This month it’s Sankar Reddy’s turn to host T-SQL Tuesday. I wish him luck! I know I had a blast last month. This month we’re busting SQL Server misconceptions wherever we find them.
So today I want to explain something about the practice of updating statistics as a technique to improve or maintain performance. It works and it works well, but often not for the reasons you think and I’m going to explain a simpler equivalent technique.
So you’ve been given the job of finding out why a particular stored procedure is performing poorly. It’s a complicated query plan and one of the first things you notice is that there’s hundreds of thousands of rows coming out of a particular table. After looking closer you figure out that the estimated number of rows is only supposed to be around thirty!
Remember that estimated row counts are based on what the database knows about the data and that info is stored in objects called statistics. As the table grows, these statistics can get out of date. So you try:
UPDATE STATISTICS dbo.MyTable WITH FULLSCAN
which solves the problem. (Good job, take a bow!)
Why It Works
Statistics are used to get an idea of how data is distributed. Based on the data distribution, SQL Server can make better choices on how it chooses query plans. If tables change and stats are out of date, the chosen query plans can be less than optimal. And bad plans have a bad habit of performing orders of magnitude worse than optimal plans.
Why It Really Works
I’ve found that out-of-date statistics can be responsible for bad query plans. But more frequently, I see that the parameter values that are used to compile the plan have just as big an effect.

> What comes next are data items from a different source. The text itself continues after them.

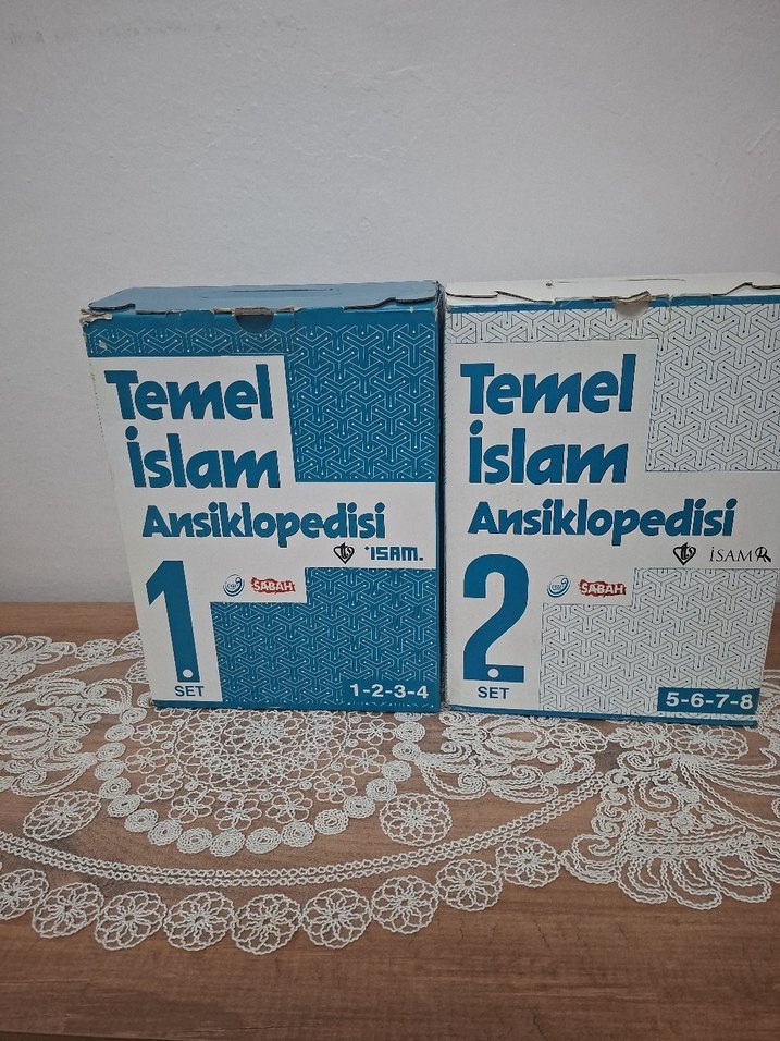 Temel İslam Ansiklopedisi 1 ve 2 setleri, 1'den 8'e kadar ciltleri içerir, detaylı İslam ansiklopedisi bilgisi sunar.
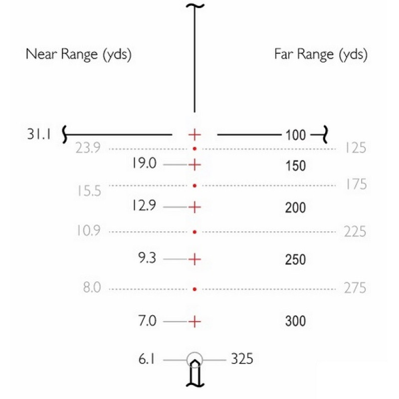 Rimfire .22 WMR - специальная сетка, разработанная компанией Hawke Optics для спортивной стрельбы и охоты на мелкую дичь. Сетка максимально точно специализирована под винтовки для стрельбы патронами кольцевого воспламенения .22 WMR (Калибр 5,7) с начальной скоростью полета пули 610 м/с, с высотой установки прицела 45 мм. Сетка имеет перекрестие типа Duplex со специальной разметкой, благодаря которой можно вести прицельную стрельбу с шагом в 25 ярдов. Единожды пристреляв прицел на расстояние 100 ярдов, с помощью данной прицельной сетки можно легко определять траекторию пули на расстоянии до 325 ярдов, что даже превышает эффективную дальность стрельбы патрона .22 WMR. Параметры данной сетки верны при максимальном увеличении 12х. Данная прицельная сетка чрезвычайно проста и удобна и может использоваться с успехом также для стрельбы из пневматического оружия. Персональную адаптацию сетки под конкретное оружие и тип снаряда позволит совершить бесплатный баллистический калькулятор X-ACT
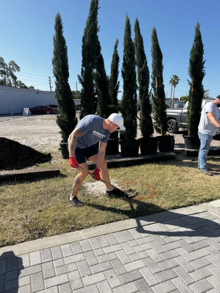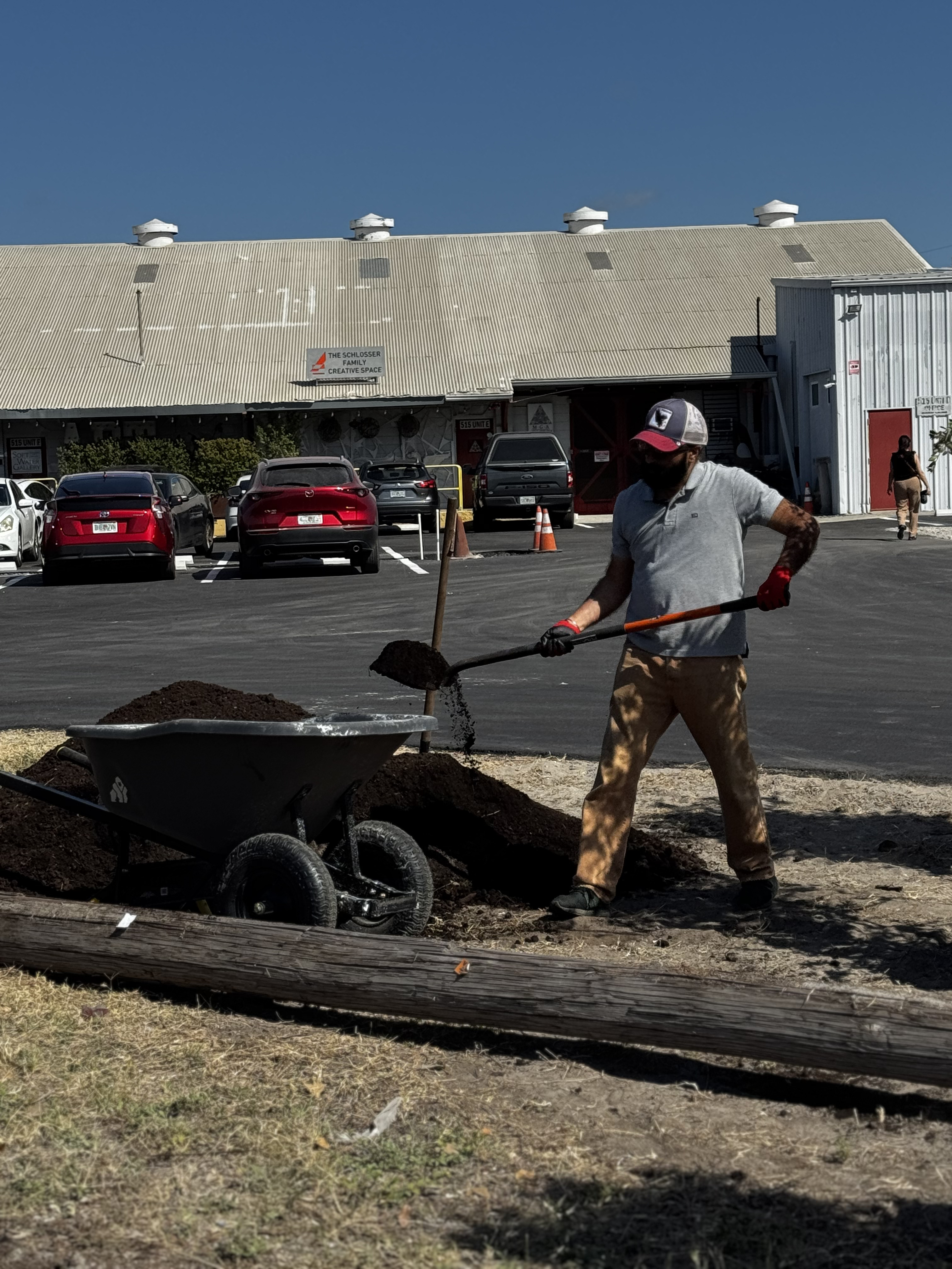 The pink tabebuia will stand out as a signature feature that blooms bright pink in winter and spring and adds a bold touch to the district’s artistic landscape. Getting these large trees into the ground took teamwork, and a forklift! But thanks to the strength and enthusiasm of the crew, everything went smoothly, and the space is now greener, cooler, and even more inviting.
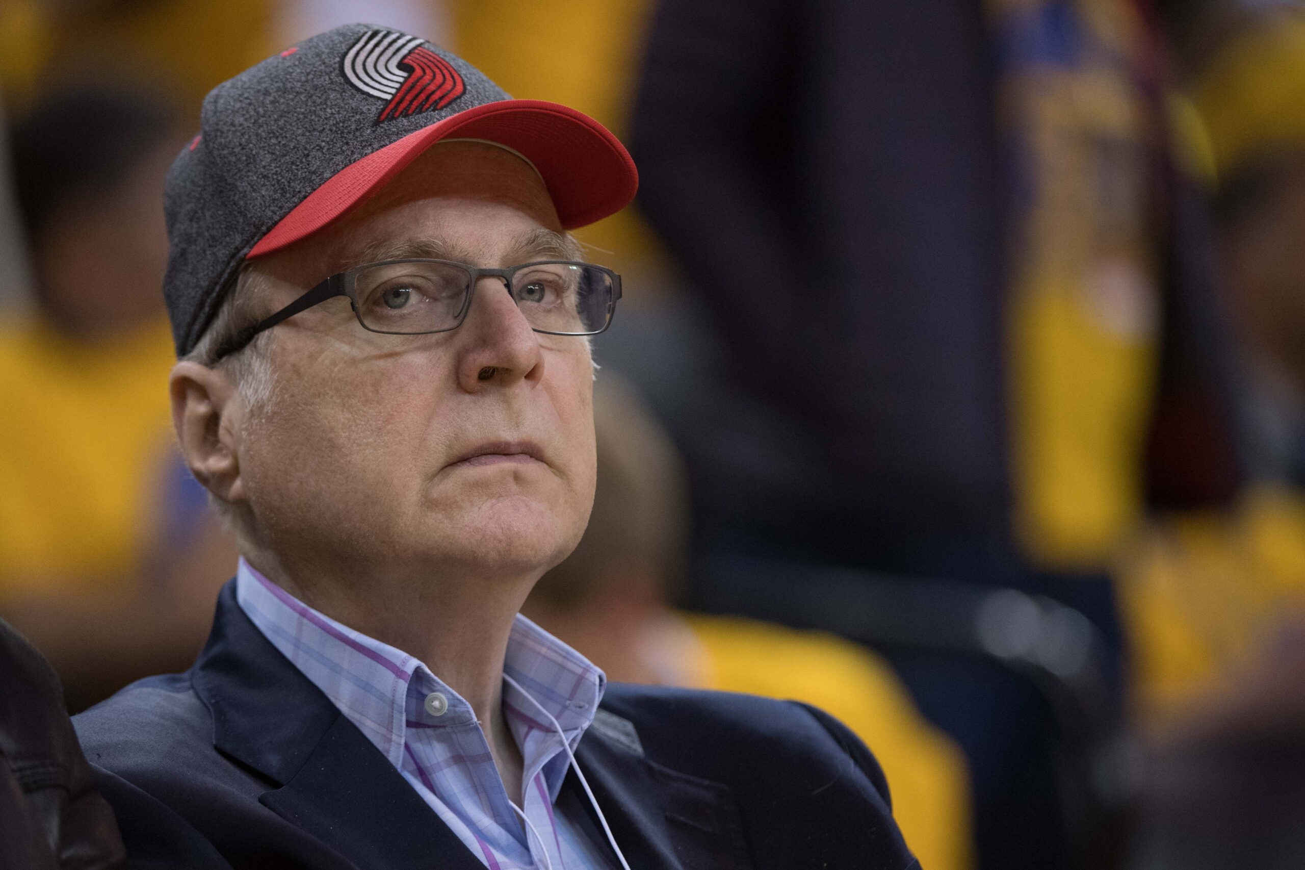 April 16, 2017; Oakland, CA, USA; Portland Trail Blazers owner Paul Allen during the second quarter in game one of the first round of the 2017 NBA Playoffs against the Golden State Warriors at Oracle Arena. The Warriors defeated the Trail Blazers 121-109. Mandatory Credit: Kyle Terada-Imagn Images

SQL Server doesn’t just use statistics to estimate the number of rows it’s going to retrieve from a table. It also uses variable values and constants found in the query. And in the case of variables, it always uses the first variable values that it sees when the query gets compiled.
So for example, If I’m looking up a person in the phonebook by last name. The number of people I find is going to depend on whether that last name is common like “Martin” or unique like “Jingleheimer-Schmidt”. Based on the search argument, different plans can get picked which affects database performance.
So even if statistics are already up to date, the act of calling UPDATE STATISTICS can still have an effect. When you update statistics on a table, SQL Server throws out all the query plans that depend on that table (but see comments). And that query gets recompiled with the next parameter values that come along. And these may be different than the original values.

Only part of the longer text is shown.